The Mi-28 is a new-generation attack helicopter that functions as an air-to-air and air-to-ground partner for the Mi-24 Hind and Ka-50 "Black Shark". The main rotor has five blades and is mounted above the body midsection. Short, wide, tapered, weapon-carrying wings are mounted to the rear of the body midsection. Two 2,200 hp Klimov VK-2500PS turboshaft engines, each producing 2,200 HP, are mounted alongside the top of the fuselage in pods with downturned, infrared-suppressed exhausts. The fuselage is slender and tapers to the tail boom and nose. It features tandem, stepped-up cockpits, a cannon mounted beneath the belly, and a non-retractable tricycle tail-wheel type landing gear. Due to the energy-absorbing landing gear and seats the crew can survive a vertical fall of up to 12 m/s. The Mi-28 has a fully armoured cabin, including the windshield, which withstands 7.62 and 12.7 mm armor piercing bullets and 20 mm shell fragments.
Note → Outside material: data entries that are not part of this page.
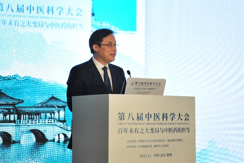陳竺作題為《傳承精華 守正創(chuàng)新 在百年未有之大變局中踐行中醫(yī)藥護(hù)佑生命的使命擔(dān)當(dāng)》的主旨報(bào)告。他指出,農(nóng)工黨中央和國家中醫(yī)藥管理局已共同舉辦了八屆中醫(yī)科學(xué)大會(huì)。作為科學(xué)推動(dòng)中醫(yī)藥事業(yè)傳承和發(fā)展的重要品牌,中醫(yī)科學(xué)大會(huì)搭建了政府引導(dǎo)、社會(huì)參與、學(xué)術(shù)推動(dòng)的平臺(tái),已成為中醫(yī)界的盛會(huì),具有良好的社會(huì)反響,得到了中共中央的高度肯定。中醫(yī)藥千百年來堅(jiān)持傳承精華、守正創(chuàng)新,為人類抗擊疫病作出重大貢獻(xiàn)。面對世紀(jì)疫情,中西醫(yī)聯(lián)手鑄牢生命防線,成為我國新冠疫情防控的一大亮點(diǎn),為全球抗疫貢獻(xiàn)了中國智慧和中國方案。當(dāng)今時(shí)代,中醫(yī)藥的傳承、發(fā)揚(yáng)和創(chuàng)新因現(xiàn)代科技的融入迎來了新的機(jī)遇,要加快推進(jìn)中醫(yī)藥傳承保護(hù)和科技創(chuàng)新,統(tǒng)籌推進(jìn)文獻(xiàn)傳承和活態(tài)傳承,加強(qiáng)中醫(yī)藥人才隊(duì)伍建設(shè),深入發(fā)掘中醫(yī)藥寶庫中的精華,推進(jìn)產(chǎn)學(xué)研一體化,釋放新供給,創(chuàng)造新的經(jīng)濟(jì)增長集群,促進(jìn)經(jīng)濟(jì)調(diào)結(jié)構(gòu)、轉(zhuǎn)方式,為構(gòu)建新發(fā)展格局提供支撐。希望廣大專家學(xué)者以開放包容的心態(tài),促進(jìn)傳統(tǒng)醫(yī)學(xué)和現(xiàn)代醫(yī)學(xué)更好結(jié)合,堅(jiān)持中西醫(yī)并重,為促進(jìn)民心相通、共建人類衛(wèi)生健康共同體作出更大貢獻(xiàn)。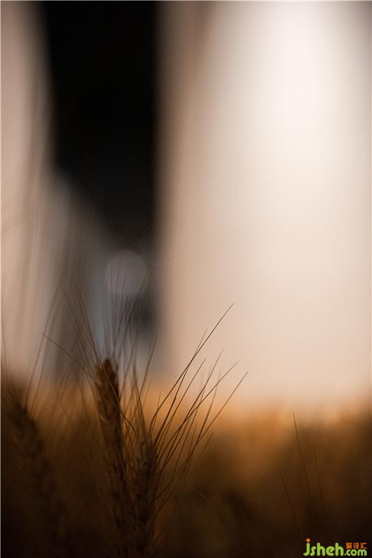 灯光强调金色的麦田,白色的房子,使他们成为空间的主角。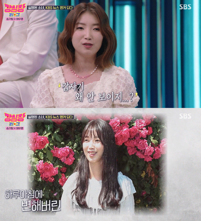 지난 13일 방송된 SBS 예능프로그램 '강심장리그'에서는 '승기팀'으로 허우령 아나운서가 출연해 어느 날 갑자기 실명하게 된 사연을 공개됐다.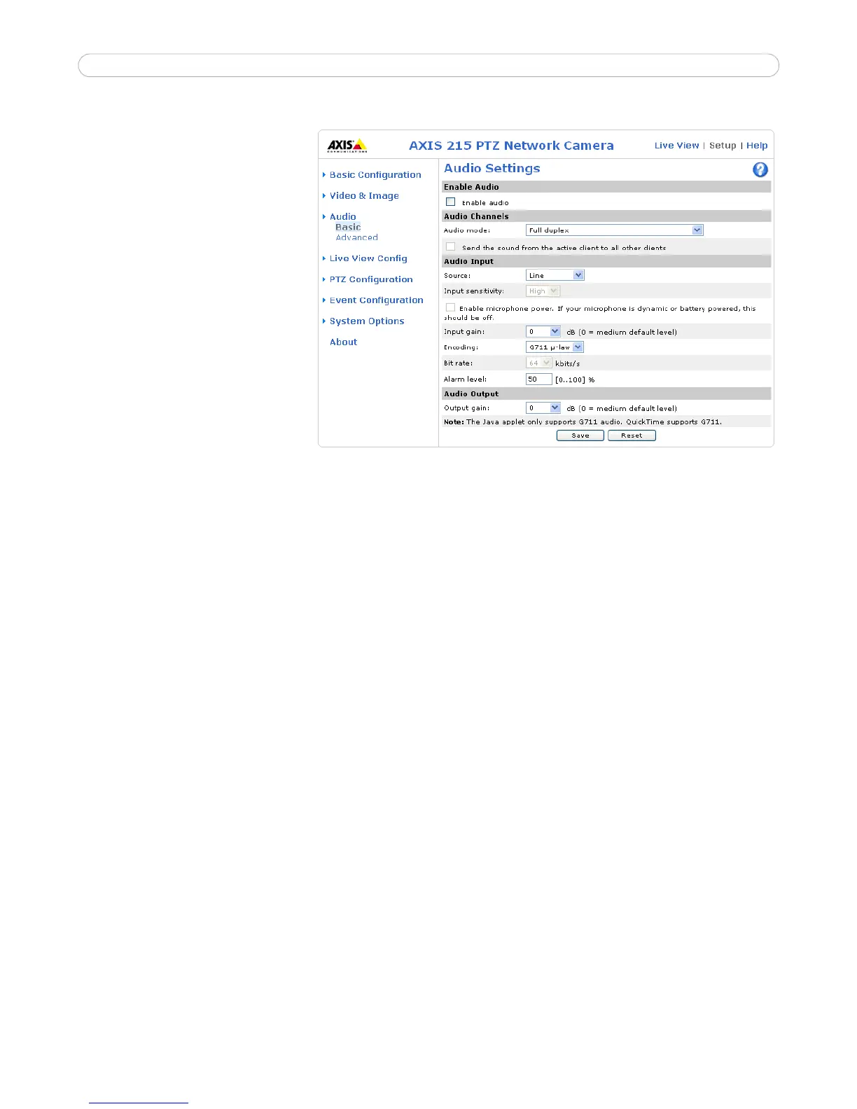 will play audio, but no audio will be transmitted from the AXIS 215 PTZ to other web clients. This could be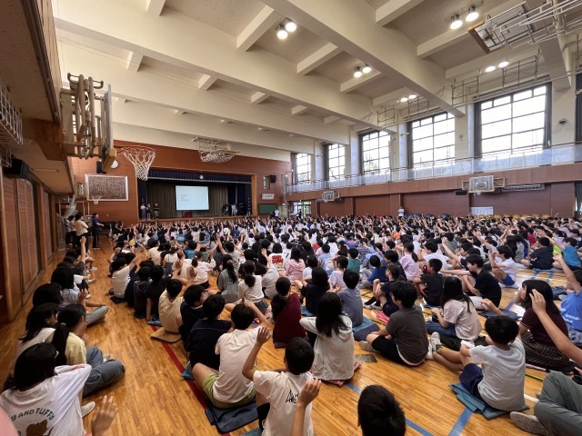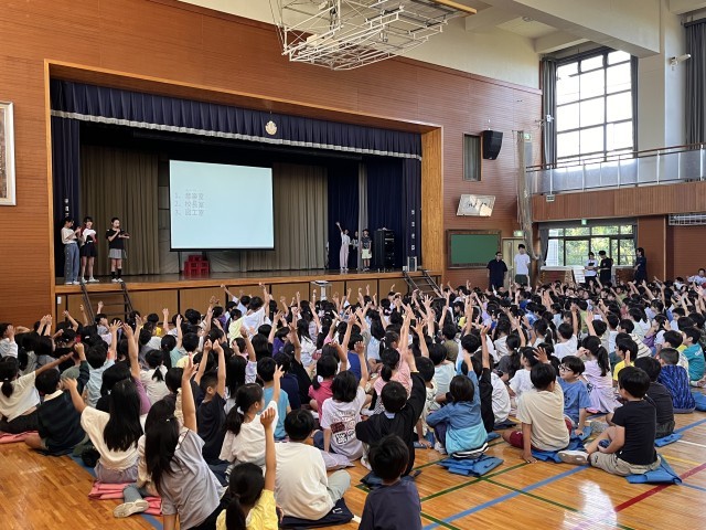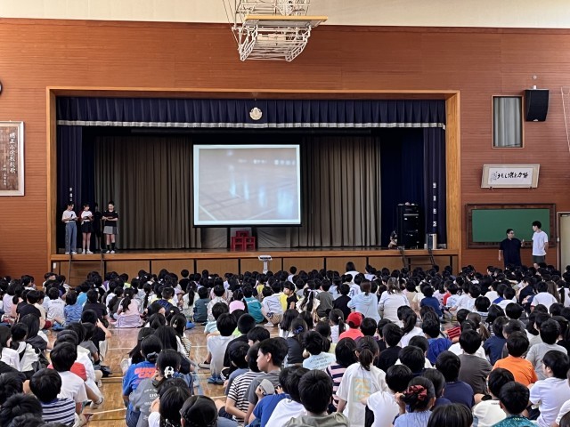 児童集会では全校の子どもたちが体育館に集まり、クイズを楽しみました。集会委員会のみなさんが考えてくれた学校の「どこか」を写真を見て当てる3択クイズです。写真が加工されているので、よく見ないと答えが分かりません。学校のいろいろな場所を取り上げてクイズにしてくれました。集会委員の最後の言葉では、「学校の知らなかった場所を見付けてみんなで伝え合ってくださいね」を話してくれました。まだまだ知らない明正小の素敵な場所を見付けてほしいと感じました。集会が終わった後も、集会委員会のみなさんは集まり、反省をして次回のめあてを決めていました。もっとみんなが楽しめる集会にしてくれるそうです。期待「大」です。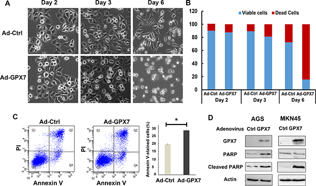 To determine if GPX7 can regulate cell death and contribute to suppression of gastric cancer cell growth, AGS cells were infected with control (Ad-Ctrl) and GPX7 (Ad-GPX7) adenovirus particles. We did not observe significant changes in cell morphology within 48 hours after infection. However, GPX7 expressing cells started to float at 72 hours and majority of cells were floating after six days (Figure 6A). Trypan blue assay confirmed that the floating cells were dead cells (Figure 6B). A similar observation was obtained with MKN45 cells (Supplementary Figure 2). Flow cytometry analysis of Annexin V showed that GPX7 expressing cells had a higher rate of Annexin V positive cells, as compared to control cells (Figure 6C, p < 0.05). To confirm this result, we carried out Western blotting analysis for cleaved PARP, a marker of apoptosis. As shown in Figure 6D, cells with reconstitution of GPX7 expression in AGS and MKN45 displayed significantly higher levels of cleaved PARP than control cells.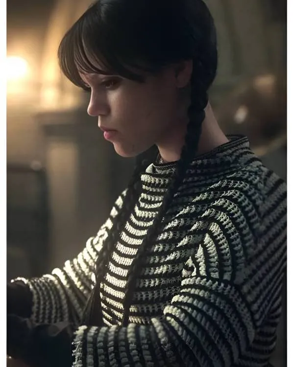Jenna Ortega is a fashion icon thanks to her unique and bold style. Her captivating portrayal of Wednesday Addams in Wednesday is what made her most famous. In Season 2, her character keeps making bold fashion choices; one item that stands out in particular is the Wednesday S02 Striped Sweater. In addition to enhancing her air of mystery and coolness, the jumper represents her ability to blend comfort and style. Fans of the show have been raving about this look, so anyone hoping to incorporate a little Wednesday’s gothic elegance into their wardrobe has to have it.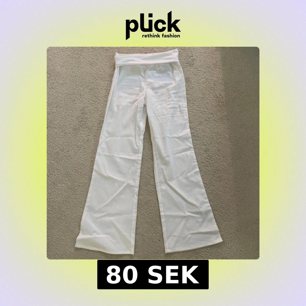 Snygga vita linnebyxor från H&M med låg midja och vida ben. Byxorna har en mjuk, stretchig linning och är tillverkade i ett lätt och luftigt linnematerial. Helt nya med prislapp. Säljer då dem tyvärr var för små🥺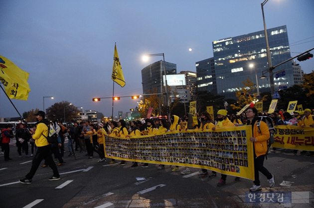 [ 최혁 기자 ] '최순실 국정농단' 사태 책임을 물어 박근혜 대통령 퇴진을 요구하는 민중총궐기 대회가 12일 열렸다. 대회에 참석한 세월호 유가족들이 청와대 방향으로 행진하고 있다. 최혁 한경닷컴 기자 chokob@hankyung.com기사제보 및 보도자료 newsinfo@hankyung.com ⓒ 한국경제 & hankyung.com, 무단전재 및 재배포 금지
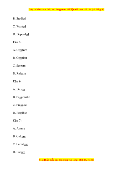 B. Studied C. Wanted D. Depended Câu 5: A. Creature B. Creation C. Scream D. Release Câu 6: A. Dicuss B. Pessimistic C. Pressure D. Possible Câu 7: A. Assure B. Culture C. Furniture D. Picture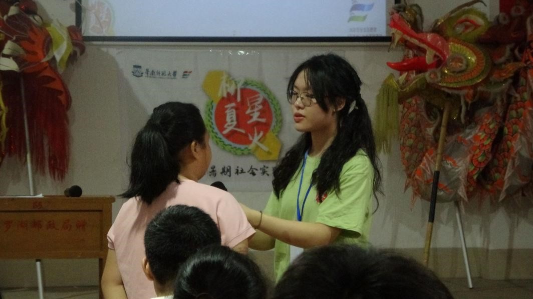 (圖為詩歌朗誦課上柳夏星火隊(duì)隊(duì)員與學(xué)生互動)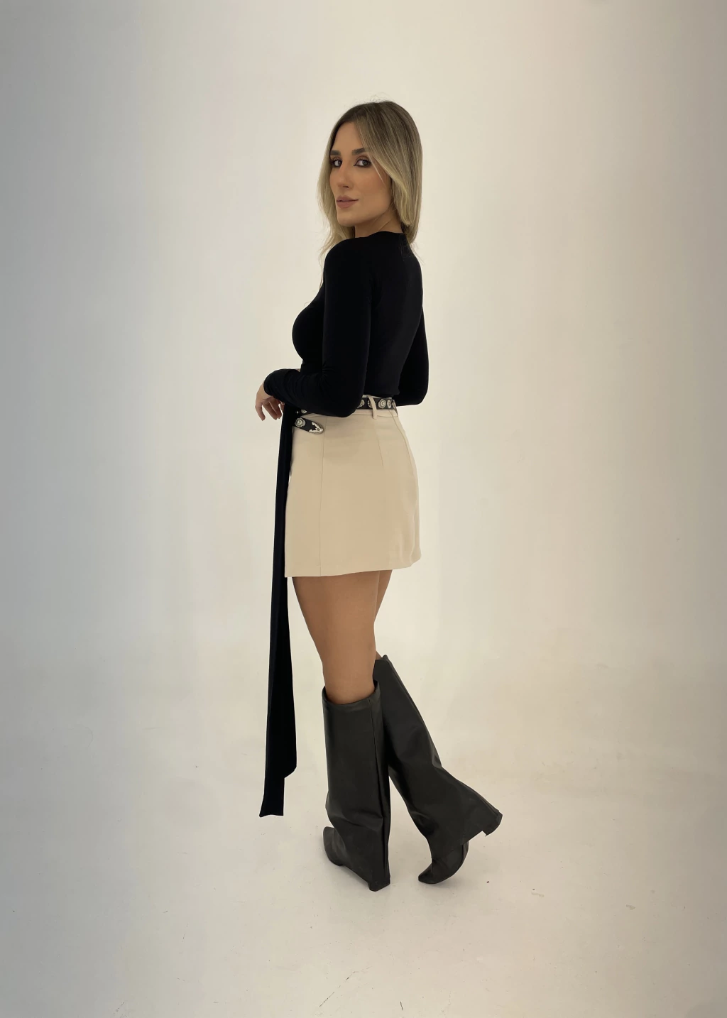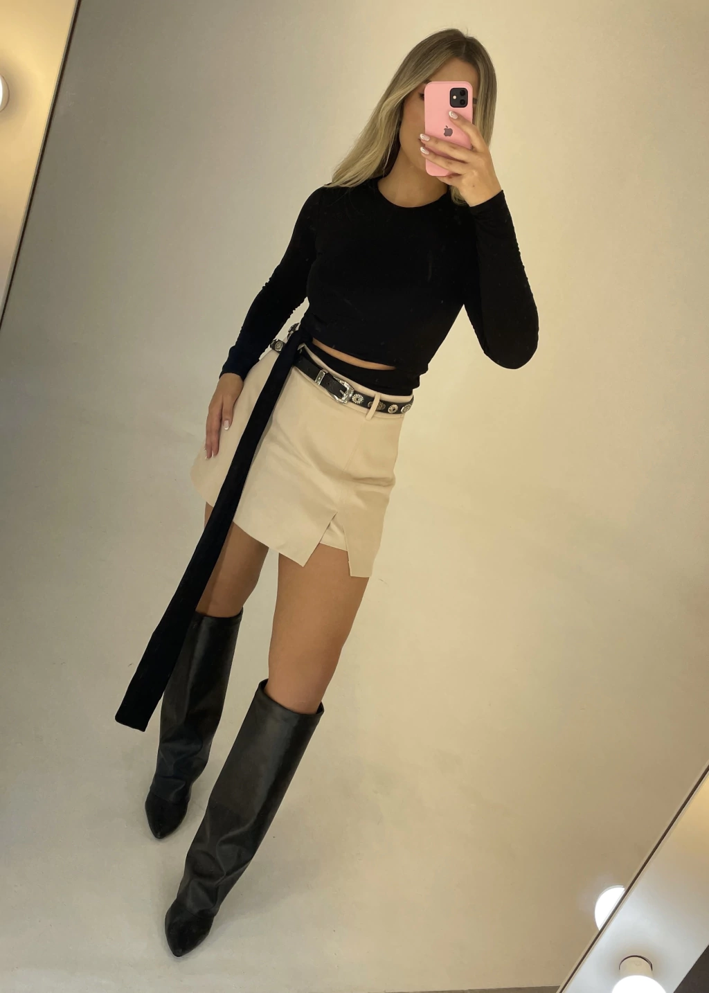 Top cropped de manga longa com faixa para amarração lateral. Possui modelagem ajustada ao corpo e é confeccionado em malha super macia de viscose (92% viscose 8% elastano).
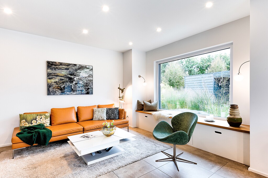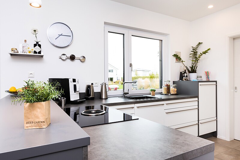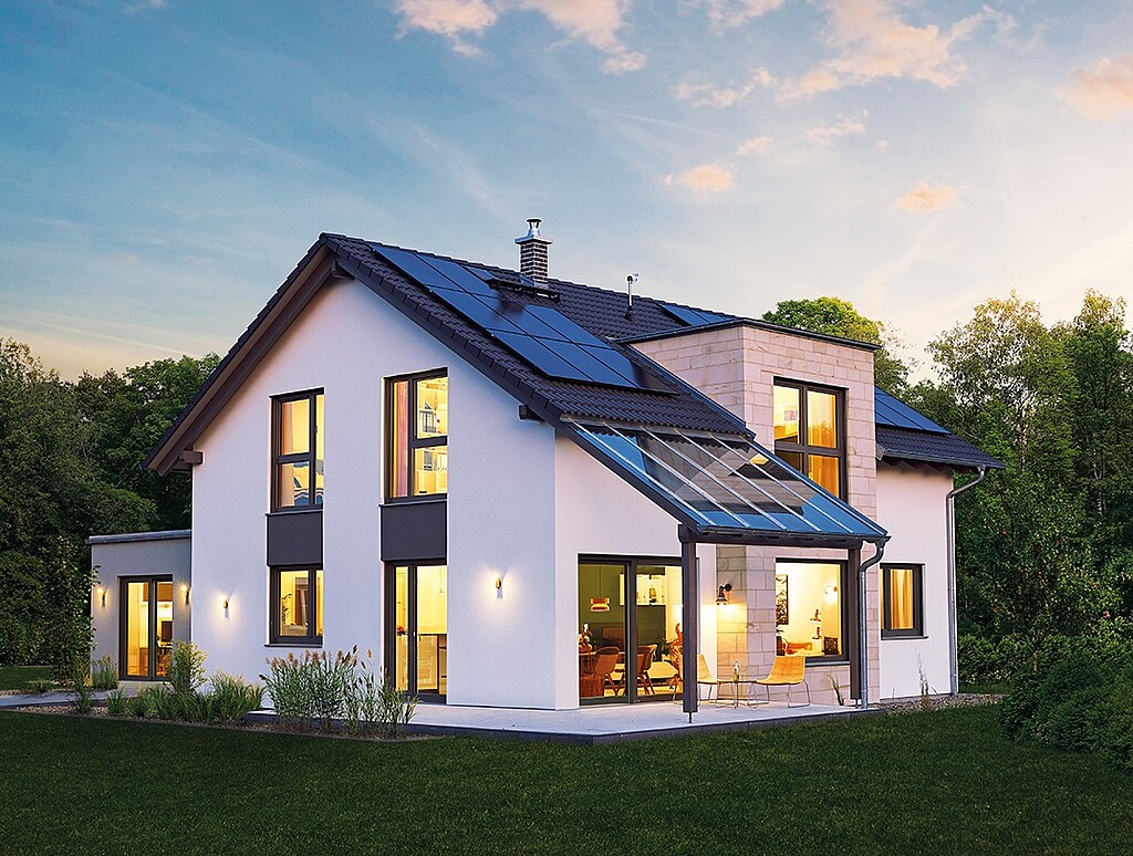 Voici votre nouvel espace de vie et de bien-être. La conception de la maison Variant 35-172 montre une fois de plus comment l'architecture classique des toits à pignon peut être conçue de manière moderne et contemporaine. Le plâtre blanc pur, associé à des surfaces de couleur gris foncé et gris clair, apportent beaucoup de style. La façade en grès sur le pignon traversier crée un contraste prononcé et naturel en même temps. Les grandes surfaces vitrées captent la lumière du jour et créent une atmosphère agréable et de bien-être

The main rotor head has elastomeric bearings and the main rotor blades are made from composite materials. The tail rotor is designed on a biplane configuration, with independently controlled blades in a non-orthogonal, X-shaped configuration with angles of 35° and 145°. Mi-28N aircraft are equipped with a new design of all-plastic composite rotor blades which can sustain repeated hits from 30 mm rounds. The cockpit is equipped with two heavily armored cockpits, a windshield able to withstand 12.7–14.5 mm caliber bullets, in-nose electronics, and reduced noise characteristics.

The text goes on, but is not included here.